In June 2014, Kossoko went on trial with Azerbaijan Premier League side Inter Baku, but went on to sign a contract with Litex Lovech.

===Botev Plovdiv===

====2016–17====
On 29 September 2016, Kossoko joined Botev Plovdiv. He made his debut two days later, on 1 October, during the 0–0 draw with his former club CSKA-Sofia. On 16 October he scored a goal in the first minute and was sent off in the 65th minute in a 4–3 win over Beroe Stara Zagora.

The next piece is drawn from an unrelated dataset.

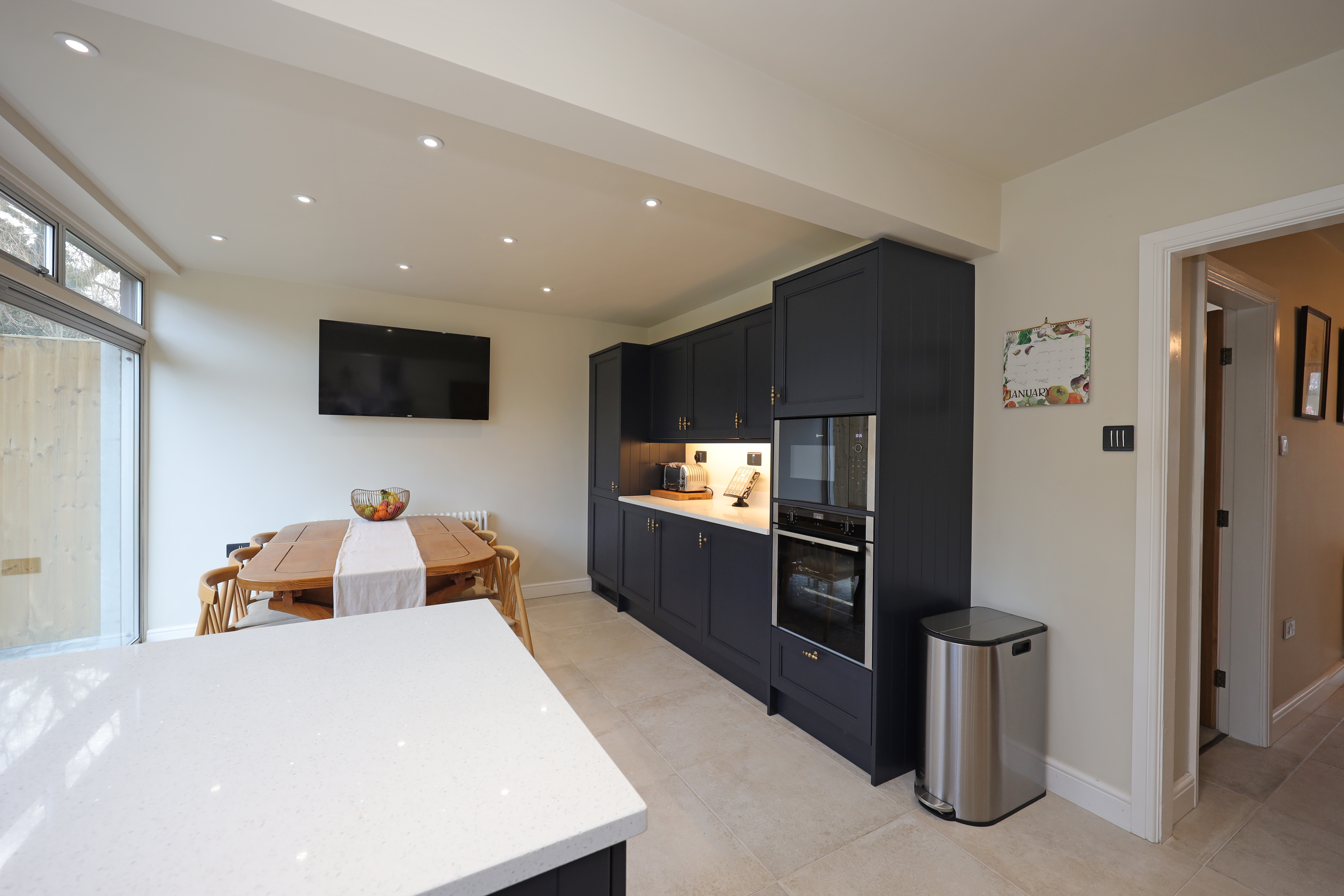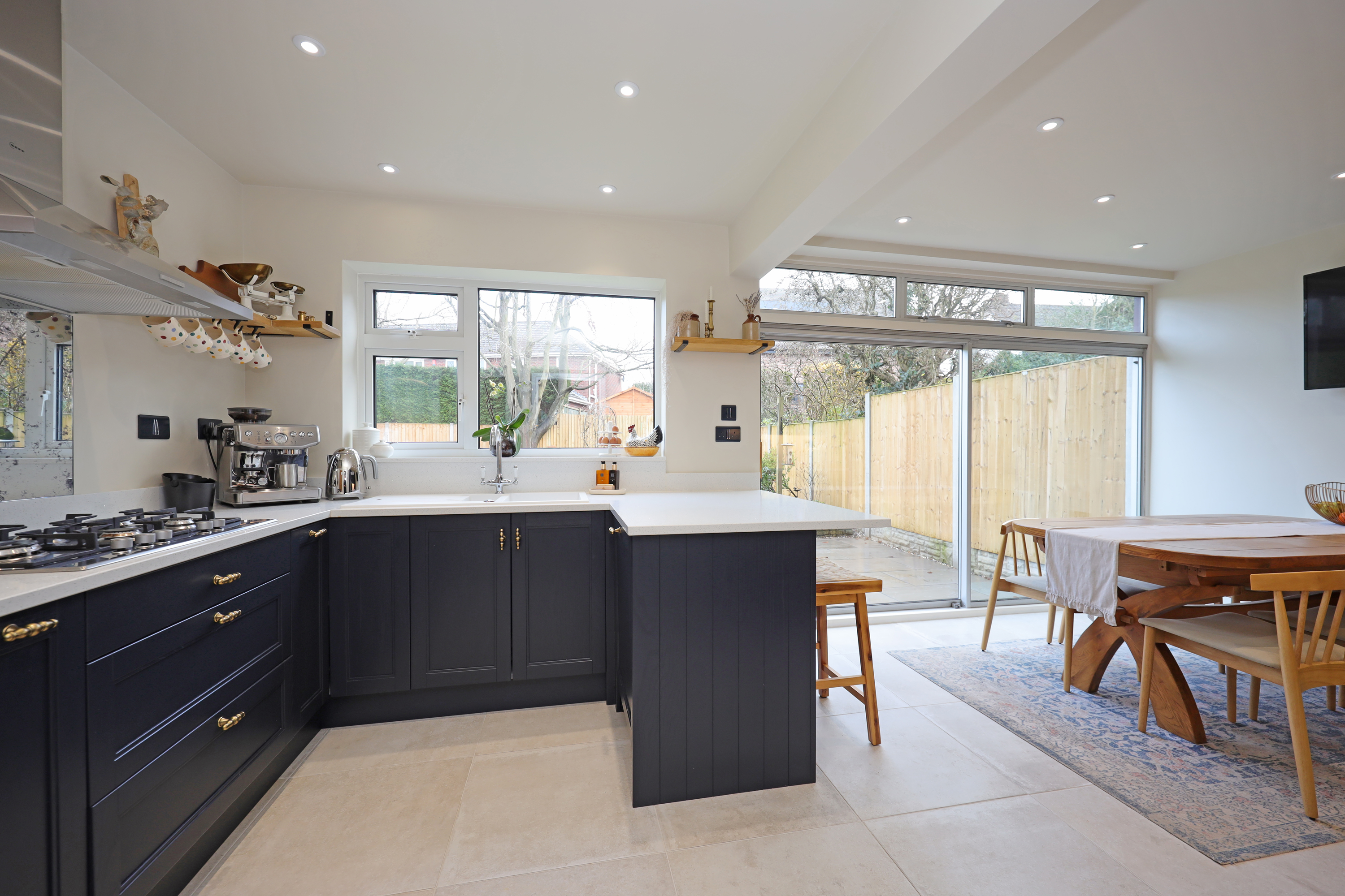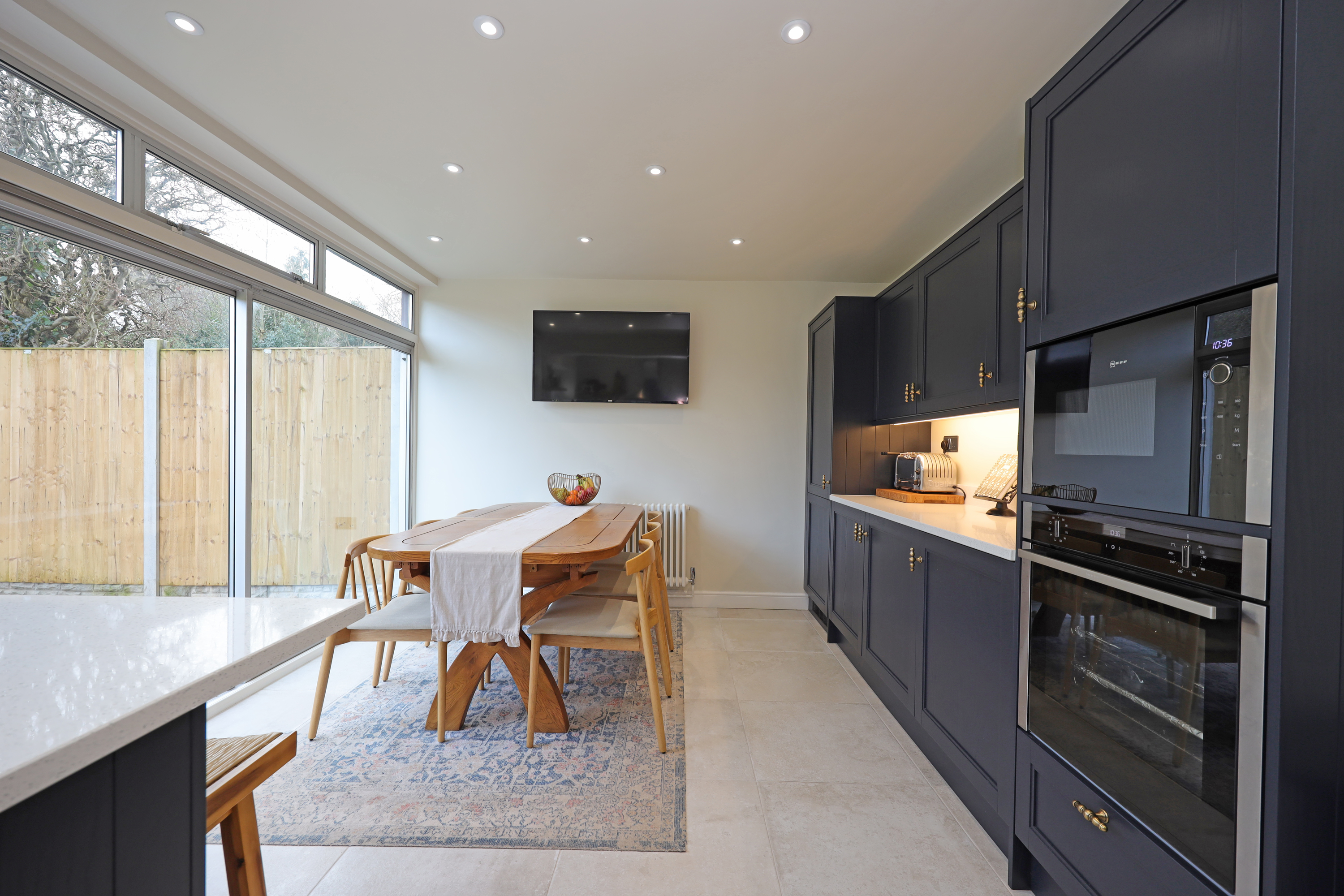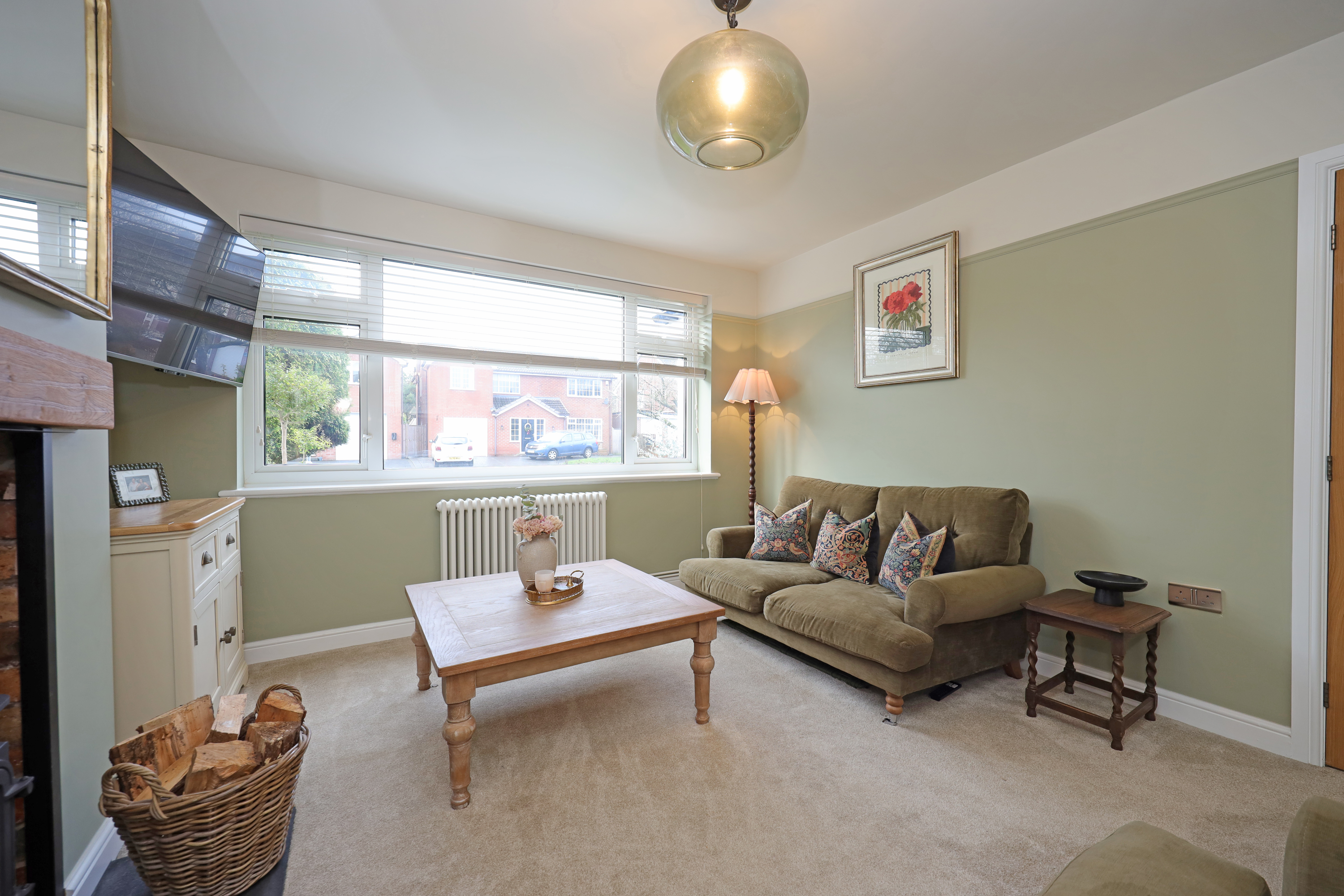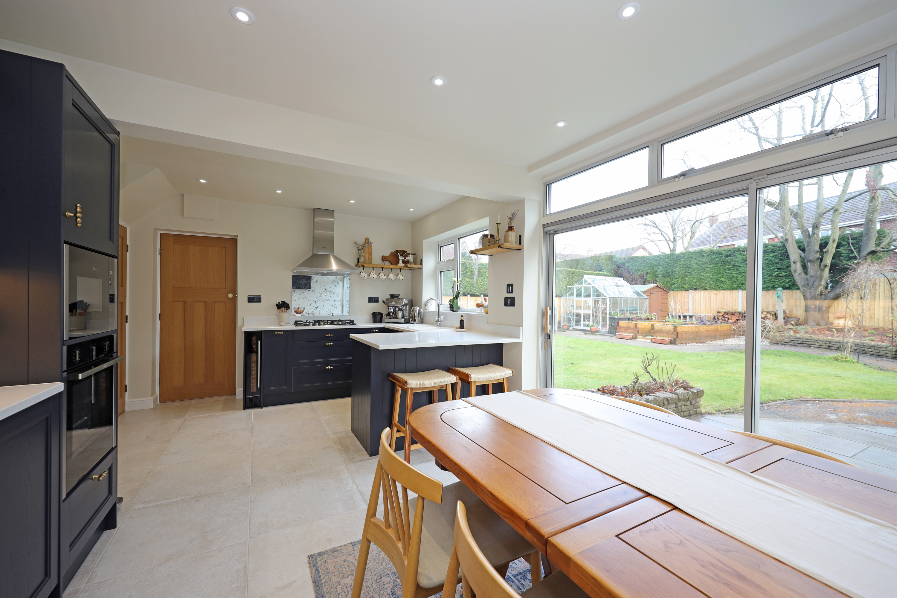Enclosed glazed porch opening to hallway with part glazed oak internal doors and large format tile flooring continuing through to the dining kitchen. The hall features a traditional style radiator and replacement oak balustrade staircase with fitted shoe/store cupboards underneath. A beautifully appointed living room enjoys a large picture window overlooking the front and has further feature radiator and a clear view multi fuel stove set within the chimney breast with oak over mantle.

On 22 April 2017, Kossoko scored twice and received the "Man on the Match" award during a 3–0 away win over Slavia Sofia. On 24 May 2017, he scored and provided an assist in a 2–1 win over Ludogorets Razgrad helping Botev Plovdiv to win the Bulgarian Cup for the third time in the history of the club.

====2017–18====
On 29 June 2017, Kossoko scored twice for the 3–1 away win over Partizani Tirana in the 1st qualifying round of UEFA Europa League. On 20 July he provided an assist during the 4–0 win over Beitar Jerusalem in the 2nd qualifying round of UEFA Europa League.

===Al-Fujairah===
On 6 August 2017, Kossoko signed a contract with Al-Fujairah for an undisclosed fee, which was to last for two seasons. He scored his first official goal for Al-Fujairah on 5 September 2018, in a 5–2 loss against Al Jazira in a league cup match.